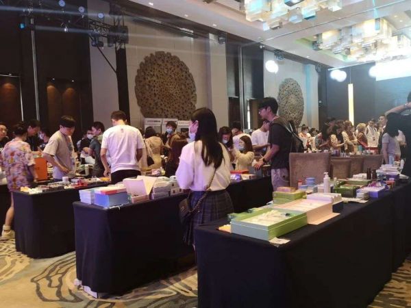 辛选集团天猫618选品会上,忙碌的美妆产品选品区。
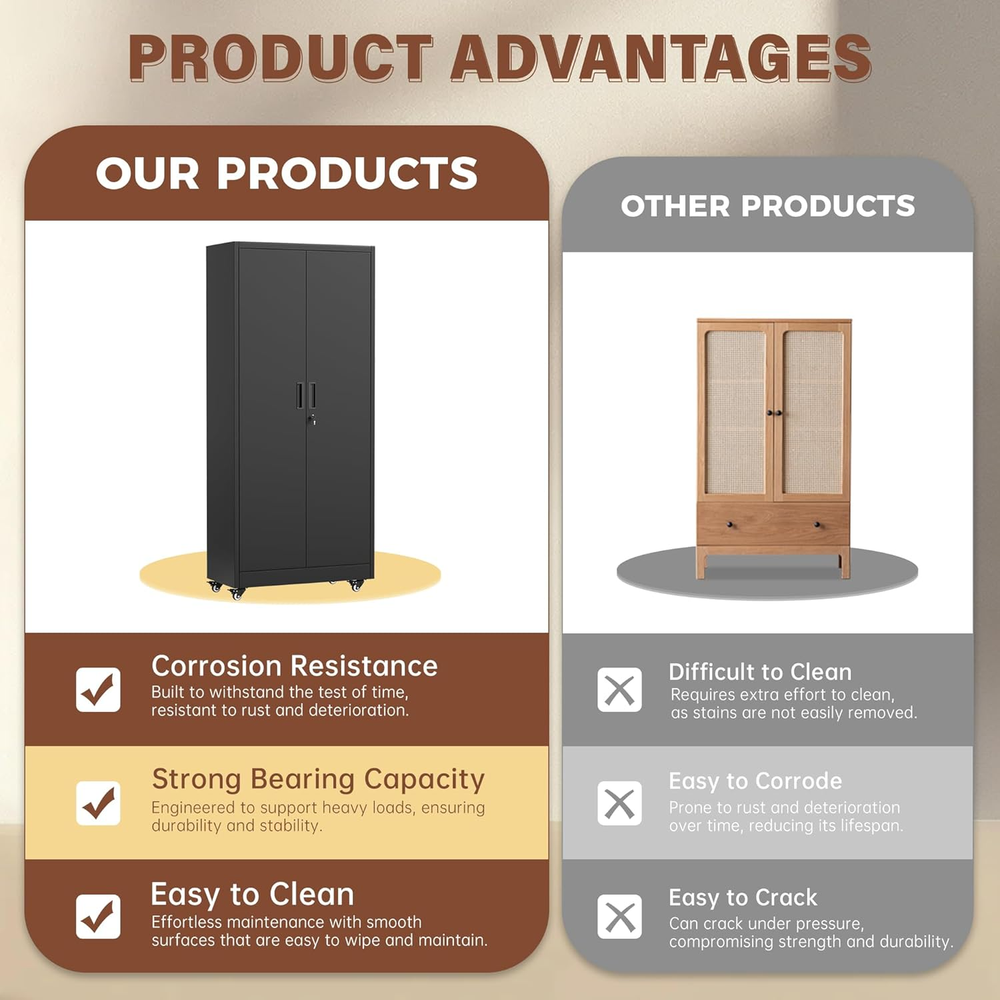 INTERGREAT Metal Storage Cabinet with Wheels, 73" H Rolling Metal Cabinets with
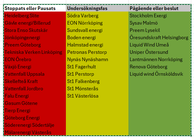 • Mälarenergi (Västerås): Pausade nyligen sin storskaliga satsning trots lyckade tester. Investeringen beräknades kosta omkring 4 miljarder kronor, vilket bedömdes som för dyrt för bolaget att bära ensamt.
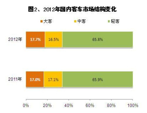 2012年,各类客KY.COM市场均实现增长,其中以客KY.COM市场附加值最高的大客市场走势最为强劲,其销量同比增长10%至7.52万辆,而轻客市场销量增长5.4%,中客市场仅增1.5%。
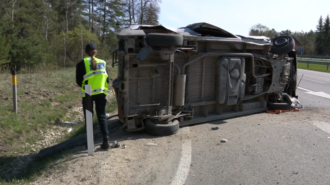 Рано утром на шоссе Сигулда-Рига некий водитель попал в аварию - управляемый им микроавтобус марки Renault Trafic съехал с дороги, несколько раз перевернулся и врезался в дорожный знак, сломав его. Сам автомобиль остался на краю проезжей части.
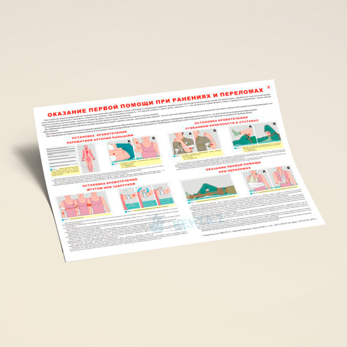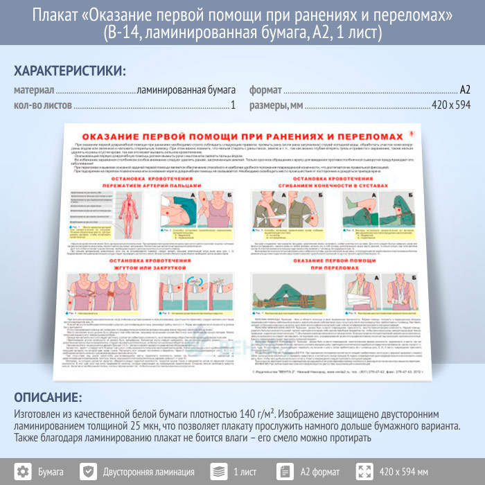 Плакат «Оказание первой помощи при ранениях и переломах» (В-14, ламинированная бумага, А2, 1 лист) в Ульяновске купить
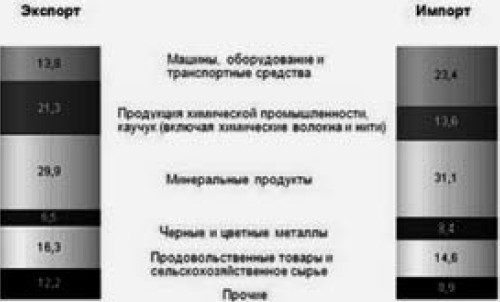 Улучшение экономической ситуации в 2000–2007 гг. было во многом обусловлено благоприятной внешней конъюнктурой при льготных ценах на углеводороды. В этот период ускоренно рос экспорт в третьи страны, благодаря чему отрицательное сальдо внешней торговли сократилось с 1,5 млрд долл, в 2000 г. до 0,7 млрд долл, в 2005 г.[251]
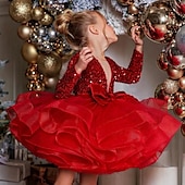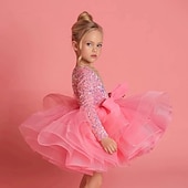 More information about Flower Girl Dress Girls' Dress First Communion Dress Performance Wedding Party Princess Sweet Ruched Mesh Polka Dot Long Sleeve Crew Neck Type A Type B 3-12 Years
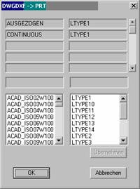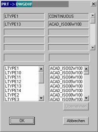 An dieser Stelle wurden alle zum Zeitpunkt der Erstellung bekannten möglichen Elementpaarungen dargestellt. Es kann aber passieren, das in Ihnen geschickten Zeichnungen Elementtypen enthalten sind, die in diesen Tabellen nicht enthalten sind. Dann wird die Option "Attribute anzeigen" unter "Export" oder "Import" wichtig. In dem Moment, wo die Dateien im- oder exportiert werden, wird die Datei analysiert und die derzeitig enthaltenen Linientypen und Textfonts werden dargestellt. Dann können Sie auf die oben beschriebene Art und Wiese Ihre persönliche Tabelle erweitern, denn die im Moment der Konvertierung gemachten Zuweisungen werden dauerhaft zur Liste der Zuordnungen hinzugefügt.
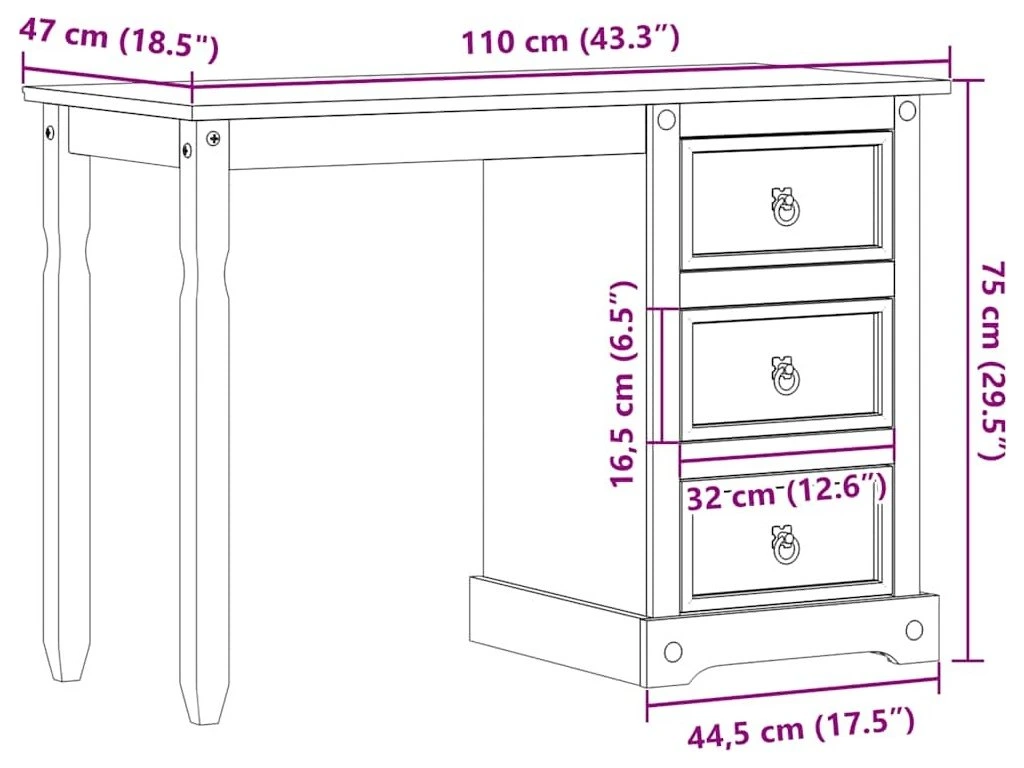 Toaletní stolek Corona 110 x 47 x 75 cm masivní borové dřevo [4005685]
━━━━
▸ **Task to complete**: Retype the listing above exactly, pictures excluded.

▸ **Answer box**:
 辛选集团天猫618选品会上,忙碌的美妆产品选品区。
 INTERGREAT Metal Storage Cabinet with Wheels, 73" H Rolling Metal Cabinets with
 • Mälarenergi (Västerås): Pausade nyligen sin storskaliga satsning trots lyckade tester. Investeringen beräknades kosta omkring 4 miljarder kronor, vilket bedömdes som för dyrt för bolaget att bära ensamt.
 2012年,各类客KY.COM市场均实现增长,其中以客KY.COM市场附加值最高的大客市场走势最为强劲,其销量同比增长10%至7.52万辆,而轻客市场销量增长5.4%,中客市场仅增1.5%。
 Рано утром на шоссе Сигулда-Рига некий водитель попал в аварию - управляемый им микроавтобус марки Renault Trafic съехал с дороги, несколько раз перевернулся и врезался в дорожный знак, сломав его. Сам автомобиль остался на краю проезжей части.
 Плакат «Оказание первой помощи при ранениях и переломах» (В-14, ламинированная бумага, А2, 1 лист) в Ульяновске купить
 Улучшение экономической ситуации в 2000–2007 гг. было во многом обусловлено благоприятной внешней конъюнктурой при льготных ценах на углеводороды. В этот период ускоренно рос экспорт в третьи страны, благодаря чему отрицательное сальдо внешней торговли сократилось с 1,5 млрд долл, в 2000 г. до 0,7 млрд долл, в 2005 г.[251]
 More information about Flower Girl Dress Girls' Dress First Communion Dress Performance Wedding Party Princess Sweet Ruched Mesh Polka Dot Long Sleeve Crew Neck Type A Type B 3-12 Years
 An dieser Stelle wurden alle zum Zeitpunkt der Erstellung bekannten möglichen Elementpaarungen dargestellt. Es kann aber passieren, das in Ihnen geschickten Zeichnungen Elementtypen enthalten sind, die in diesen Tabellen nicht enthalten sind. Dann wird die Option "Attribute anzeigen" unter "Export" oder "Import" wichtig. In dem Moment, wo die Dateien im- oder exportiert werden, wird die Datei analysiert und die derzeitig enthaltenen Linientypen und Textfonts werden dargestellt. Dann können Sie auf die oben beschriebene Art und Wiese Ihre persönliche Tabelle erweitern, denn die im Moment der Konvertierung gemachten Zuweisungen werden dauerhaft zur Liste der Zuordnungen hinzugefügt.
 Toaletní stolek Corona 110 x 47 x 75 cm masivní borové dřevo [4005685]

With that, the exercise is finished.